Task of the Week: An off-limits flowerbed
Emanuele Amico, teacher student of the University of Catania in Italy, created our new Task of the Week. In the interview, he describes the task “Una aiuola off-limits“ [“An off-limits flowerbed”] and gives us an insight how the University of Catania [partner in the MaSCE³ project] uses MathCityMap in teacher education courses.
How did you get to know the MathCityMap system? How do you use MathCityMap?

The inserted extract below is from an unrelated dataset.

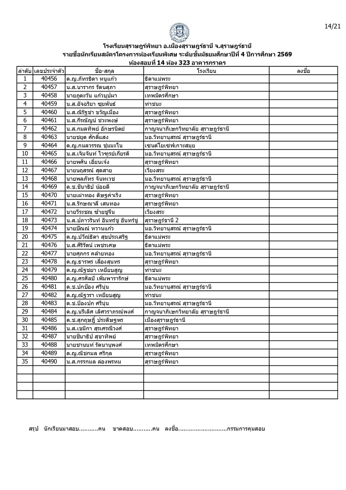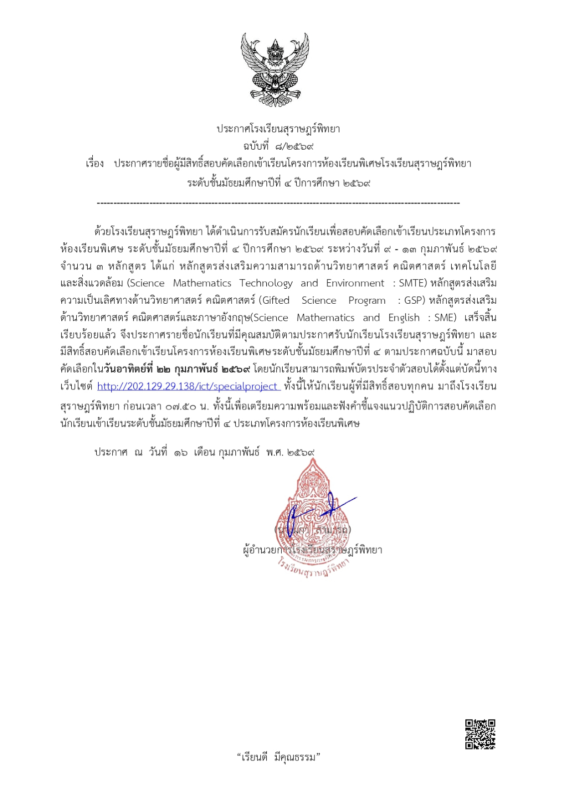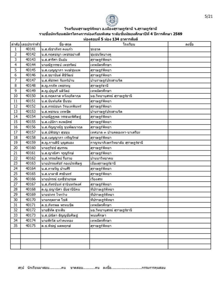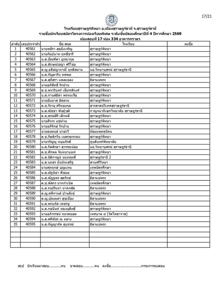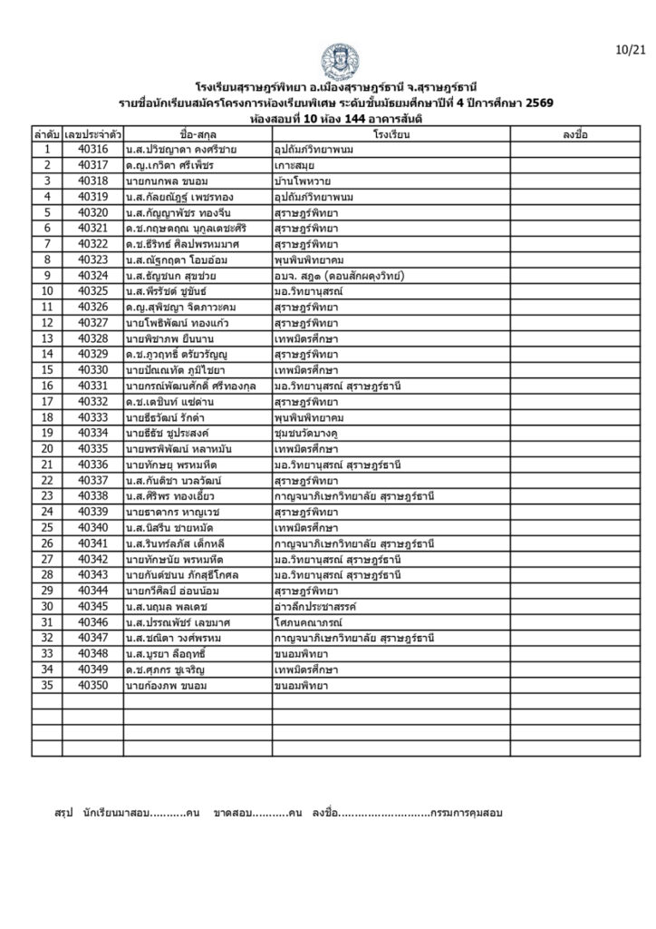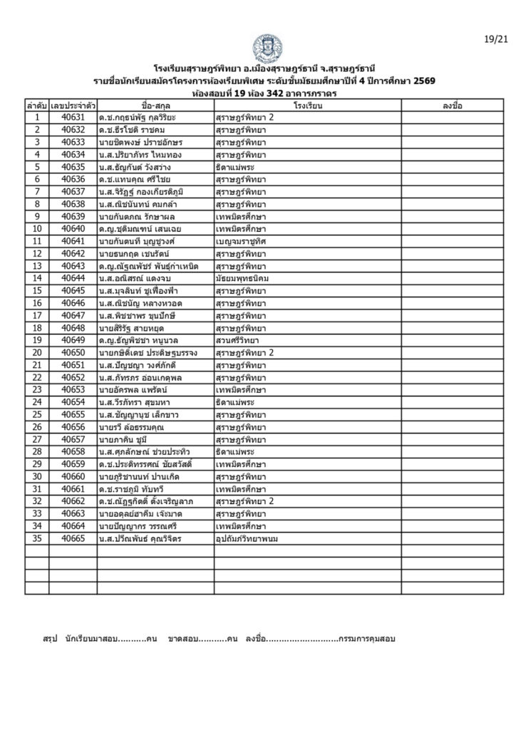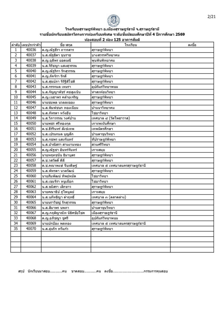 ประกาศรายชื่อผู้มีสิทธิ์สอบคัดเลือกเข้าเรียนโครงการห้องเรียนพิเศษโรงเรียนสุราษฎร์พิทยาระดับชั้นมัธยมศึกษาปีที่ 4 ปีการศึกษา 2569 / ข่าวประกาศ, โครงการห้องเรียนพิเศษ / By สุธน ภักดี Post Views: 12

I have started using MathCityMap only a few months ago. I am attending a Master’s Degree course in Mathematics at the University of Catania. During the lessons of the “Mathematics Education” course the teacher presented the MathCityMap project, highlighting the theoretical framework and the methodological aspects on which it is based, the needs to which it responds, the ways in which the objectives of the project are pursued. I had the opportunity to experience MathCityMap from both sides: as a student, through participation in a math trail prepared by the teacher and proposed to the class group, but also as a creator of my own task that met the requirements for publication [see “Criteria for a good task” on our tutorial page]. In this context, taking inspiration from a traffic island in the immediate vicinity of the Department of Mathematics and Computer Science, the idea of my first (and so far only) task “An off-limits flowerbed” was born.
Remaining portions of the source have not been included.